5.      Decertification Coercion Prevention.  The Employee Rights Act penalizes unions who coerce, discipline, or interfere with employees seeking to decertify a union.

6.      Secret Ballot Strike Vote.  The Employee Rights Act requires a majority of union members to approve a strike in a secret ballot election before union leaders can order a strike.

7.      Criminalizes Union Threats and Violence.  The Employee Rights Act forbids unions from threatening or engaging in violent or criminal behavior toward an employee.

Nobody can read these seven provisions and think that they are not completely appropriate for all Americans.  I bet many people will be surprised to find that such things are not already everyday rights provided under the Bill of Rights – the problem folks, is that the government decided to take away our fundamental rights because the government knew what was good for us.

Union leadership will be quick to point out that returning these basic rights to us will mean the end of unions in America.  They would likely be correct.  As George Will says, union dues made optional become elusive. 

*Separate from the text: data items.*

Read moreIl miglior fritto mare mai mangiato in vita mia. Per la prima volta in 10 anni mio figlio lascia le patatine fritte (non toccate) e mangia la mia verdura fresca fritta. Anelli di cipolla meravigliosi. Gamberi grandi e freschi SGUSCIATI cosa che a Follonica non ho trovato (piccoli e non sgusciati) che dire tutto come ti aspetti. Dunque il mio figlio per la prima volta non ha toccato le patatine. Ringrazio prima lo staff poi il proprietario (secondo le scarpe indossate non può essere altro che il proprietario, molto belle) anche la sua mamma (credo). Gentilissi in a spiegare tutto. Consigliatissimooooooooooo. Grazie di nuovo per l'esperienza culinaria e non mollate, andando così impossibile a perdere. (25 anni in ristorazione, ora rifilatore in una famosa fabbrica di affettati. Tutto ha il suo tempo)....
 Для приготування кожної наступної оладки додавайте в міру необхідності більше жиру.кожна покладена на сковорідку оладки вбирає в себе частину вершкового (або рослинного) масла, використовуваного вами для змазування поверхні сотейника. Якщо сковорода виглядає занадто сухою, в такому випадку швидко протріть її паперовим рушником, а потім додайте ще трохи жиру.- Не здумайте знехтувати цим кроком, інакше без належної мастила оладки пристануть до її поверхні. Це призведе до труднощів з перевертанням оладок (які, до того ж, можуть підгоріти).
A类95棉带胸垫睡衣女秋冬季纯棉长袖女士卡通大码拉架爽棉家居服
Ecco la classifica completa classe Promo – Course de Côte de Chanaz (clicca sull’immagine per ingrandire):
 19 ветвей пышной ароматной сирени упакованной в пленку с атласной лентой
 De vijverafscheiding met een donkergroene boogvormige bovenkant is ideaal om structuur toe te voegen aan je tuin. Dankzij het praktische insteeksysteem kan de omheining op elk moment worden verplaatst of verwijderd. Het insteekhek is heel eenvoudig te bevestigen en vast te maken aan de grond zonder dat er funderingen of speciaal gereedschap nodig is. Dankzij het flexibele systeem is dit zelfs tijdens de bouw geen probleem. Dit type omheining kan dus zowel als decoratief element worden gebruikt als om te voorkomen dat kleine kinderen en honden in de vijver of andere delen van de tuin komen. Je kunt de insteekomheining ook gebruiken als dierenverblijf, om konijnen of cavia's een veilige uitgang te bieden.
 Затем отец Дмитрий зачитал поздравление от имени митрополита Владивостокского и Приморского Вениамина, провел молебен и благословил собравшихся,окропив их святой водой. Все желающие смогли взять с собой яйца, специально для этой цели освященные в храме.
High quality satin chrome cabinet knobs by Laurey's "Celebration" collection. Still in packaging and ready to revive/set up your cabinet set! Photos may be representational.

You see, unions understand we are too dumb to see the advantage of unions and therefore must be ordered by government to institutionalize the will of the majority.  In the good old days, unions could just break legs but in today’s enlightened world they need the force of law.  Unions also need to institutionalize the will of previous generations because today, we’d almost certainly vote differently.  Once the union is in, how dare we expect to have periodic referendums on their track record?

In case you think that I am too hard on union leadership and their minority of supporters, surveys of union households support these changes overwhelmingly – the support mostly runs in the high eighty percentiles.  Poll results here:  http://employeerightsact.com/poll.html.

On this subject and too many others, it is past time that we shove the feds out of our day to day lives.  I think we need government as recommenders but we can manage educating our kids and taking care of the needy without their unConstitutional help.


Thursday, June 7, 2012

Three Cheers for Wisconsin


Wisconsin soundly rejected most of the idea of mulligans in politics.  I say “most” because they gathered a million signatures to cause the do-over and may have allowed the state senate to change hands as a result of the recall.  Recalls are for boobs and can lead only to chaos – it’s the same concept as government by referendum.

Walker campaigned against the problems of government workers bankrupting the state, corruptly demanding that the state buy insurance from the union company regardless of price and imposing their own “work” rules on state institutions.  He won;  he did what he promised;  and he closed a $3.6 billion state budget deficit.  His democratic opponent imposed the Walker insurance reforms in Milwaukee where he is mayor.

The great Midwestern state of Wisconsin has given us both the original progressive, Robert La Follette and the commie hating, Joe McCarthy.  In the older “progressive” years, they initiated unions for government workers against the better judgment of almost everyone, including FDR.

George Will brilliantly describes public employee unions as: “government organized as a special interest to lobby itself to expand itself”.  Public employee unions are corruption and conflict of interest by definition.

If you are wondering about my quotation marks around progressivism, Robert La Follette style, consider this:

La Follette “is best remembered as a progressive and a vocal opponent of railroad trusts, bossism, World War I, and the League of Nations”.  Does that sound like any progressive we know today?  It sounds like Ron Paul.

Unions are worried that the Wisconsin results may embolden more state governments – Republican and Democrat – to address the estimated $3 trillion in unfunded liabilities owed to state employees.  They also fear more right-to-work laws.  We can only hope that their fears are well founded.